Asked whether by the term “court”, he was referring to the Roman Curia,
Francis replied: “No, in the Curia we sometimes have courtiers, but
overall the Curia is a different thing… However, it does have a serious
defect, in that it is very Vatican-centred. It sees and looks after the
interests of the Vatican, which are still, in great part, temporal
matters…
“This Vatican-centred vision tends to ignore
the world all around us. I don’t agree with this vision and I will do
my best to change it. The church is, or it has to once again become, a
community for the people of God - and the priests, the bishops in caring
for souls, are at the service of the people of God…”
Asked
what he sees as the most urgent priorities facing the church, Francis
replies: “The most serious problems afflicting the world at the moment
are the unemployment of youth and the loneliness of the old. The elderly
need care and company; the young need work and hope but they don’t have
either, and what is worse, they don’t even look for them any more. They
have been overwhelmed by the present…”
Pope
Francis has made no secret of his desire to create “a church of the poor
and for the poor”. In that context, he describes his early encounter at
school in Argentina
with a female teacher who was a fervent communist, subsequently
arrested, tortured and executed under the Argentine military junta in
the 1980s.
Even if never attracted by communism,
he says that to have come across it via an “honest and courageous”

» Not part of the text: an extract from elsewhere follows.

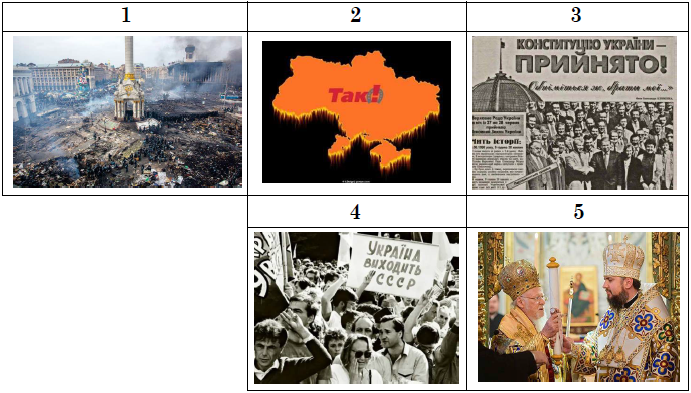 У якому рядку правильно встановлено послідовність подій, зафіксованих на фото 1-5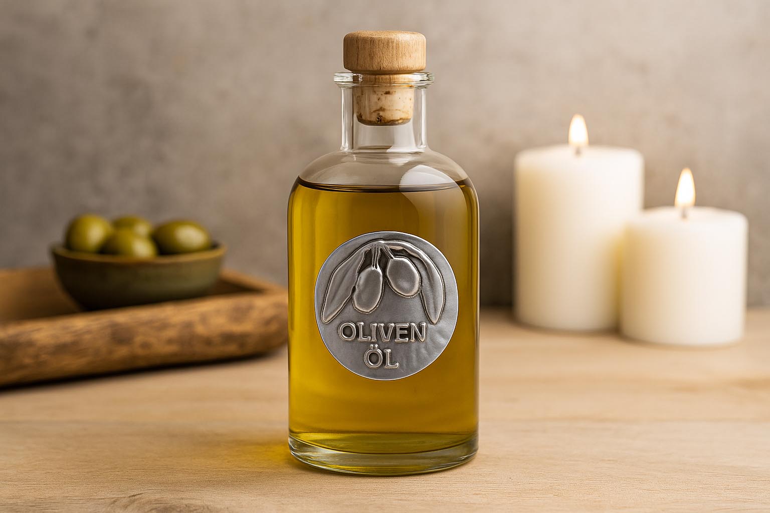 Flessenland Blikken etiket 'Olijfolie', metaal, zilver

person was “useful”, helping him when it came to understanding the
Catholic Church’s teachings on social justice.
Asked whether it had been right that Popes John Paul II and Benedict had repressed Marxist-influenced, liberation theology in Latin America,
Francis gives an equivocal answer: “Certainly they [liberation
theologians] followed up their theology with political activism but many
of them were believers with an impressive concept of humanity.”
Asked
about the responsibilities of the international political community,
Pope Francis first says that it is not the business of the church to
become involved in politics.
Later, he does
acknowledge, however, that politics has a major responsibility for
creating a world in which “egoism” has grown much more than “love of
others”, adding: “Personally, I think that the so-called globalisation
has managed only to make the strong stronger, the weak weaker and those
excluded, even more excluded.”
As for his reform
plans within the church, he points to his eight-man Council of Cardinals
meeting with him this week in the Vatican, describing them as “wise men
motivated by the same sentiments as me”, adding: “This is the beginning
of a church which has not only a vertical organisation but also a
horizontal one.”
Speaking of how he himself lives
his faith, Pope Francis says that he has no “vocation as a mystic” but
does reveal that on the day last March when he was elected pope, he
experienced a mystical moment. After having won the conclave vote, he
asked his fellow cardinals if he might withdraw for a moment of
solitude.
He was filled with a great anxiety,
even with the idea that he might refuse to accept the papacy. In order
to rid himself of this, he sat down and shut his eyes: “At a certain
point, I was struck by a great light. It didn’t last long, but to me it
seemed very long. Then the light faded and I jumped up and went back to
the room where the cardinals were waiting for me…and signed the act of
acceptance”, he adds.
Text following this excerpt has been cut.